Foods are "living systems", containing nutrients and moisture, and are inhabited by a microbial community that influences the evolution of the physical and chemical characteristics of the food over time. This means that during the commercial life of a food product, the survival of each microorganism, including viruses, is conditioned by a series of factors which are necessarily different from inert materials. All these characteristics could make life more difficult for the virus, particularly if time passes from purchase to consumption and if there is further handling at home, for example when we put the bread in the bag or cut it and then remove part. surface microorganisms with cutting or crumbling.

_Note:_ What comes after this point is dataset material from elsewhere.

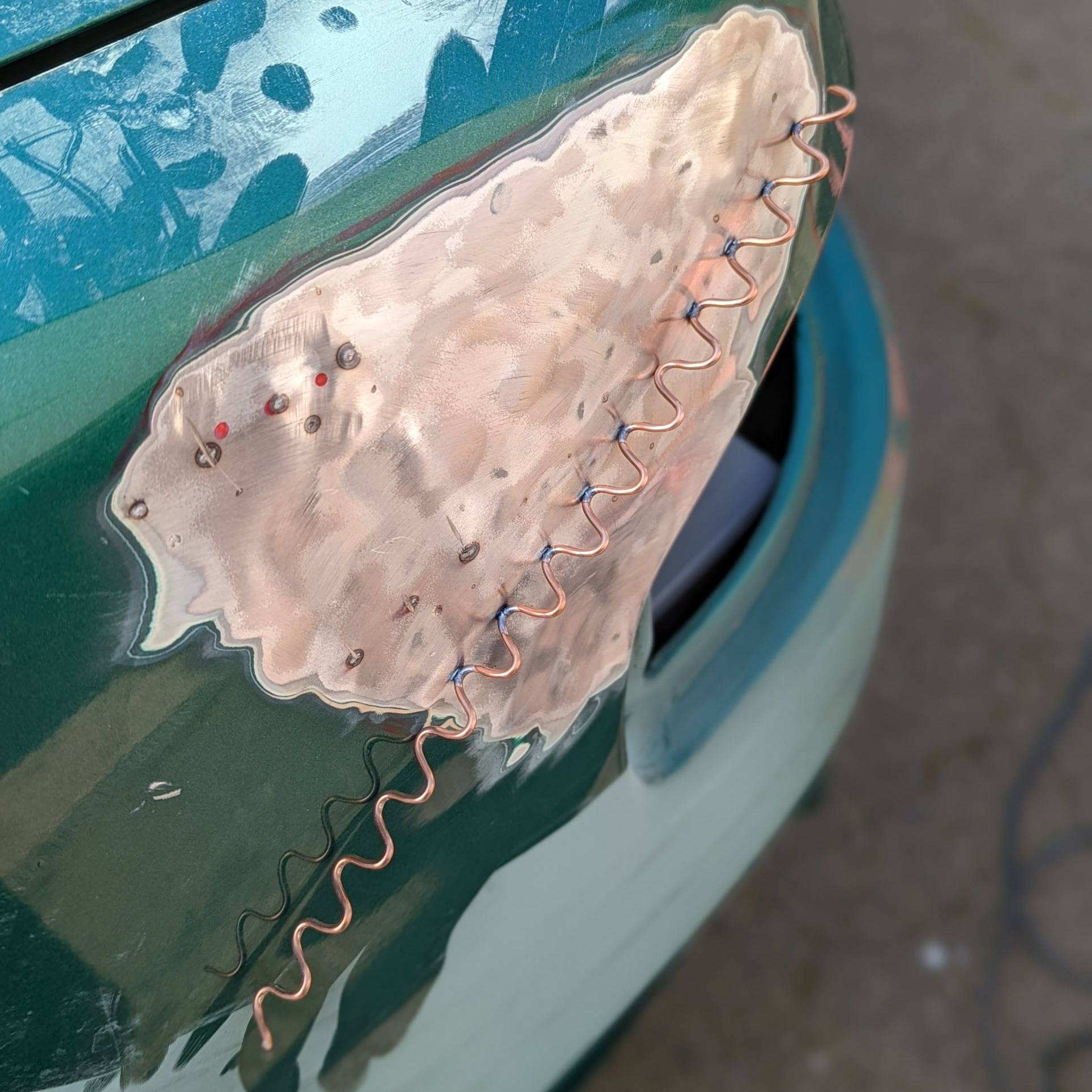 J’ai ensuite peaufiné avec un marteau et une cale puis j’ai soudé à nouveau quelques clous pour redresser les zones inaccessibles de l’intérieur (tôles en sandwich).

The same thing it can happen when we buy cold cuts and cheeses that are generally handled by the operator using gloves, are not easily exposed to contact with respiratory secretions and in any case are not usually consumed immediately after purchase. If the estimated food risk for this SARS-CoV-2 virus is very low, even more remote is that from foods such as bread or cold cuts.

The one on which we should instead pay more attention are handles, money, shopping carts, the interior surfaces of a bus, elevator or ATM buttons and all those objects that come into contact with many hands and can accidentally be exposed to the risk of contamination recent with respiratory secretions. In all these cases, remember not to touch your face (in particular mouth, nose, eyes) with improperly sanitized hands and always keep a disinfectant solution in your pocket, even when shopping, to be used after touching surfaces that could be contaminated.

* Professor of Food Microbiology at the University of Teramo

** Respiratory virus that spreads mainly through close contact with a sick person. The primary route is the droplets of the breath of infected people for example through: saliva, coughing and sneezing direct personal contact hands, for example by touching with contaminated hands (not yet washed) mouth, nose or eyes.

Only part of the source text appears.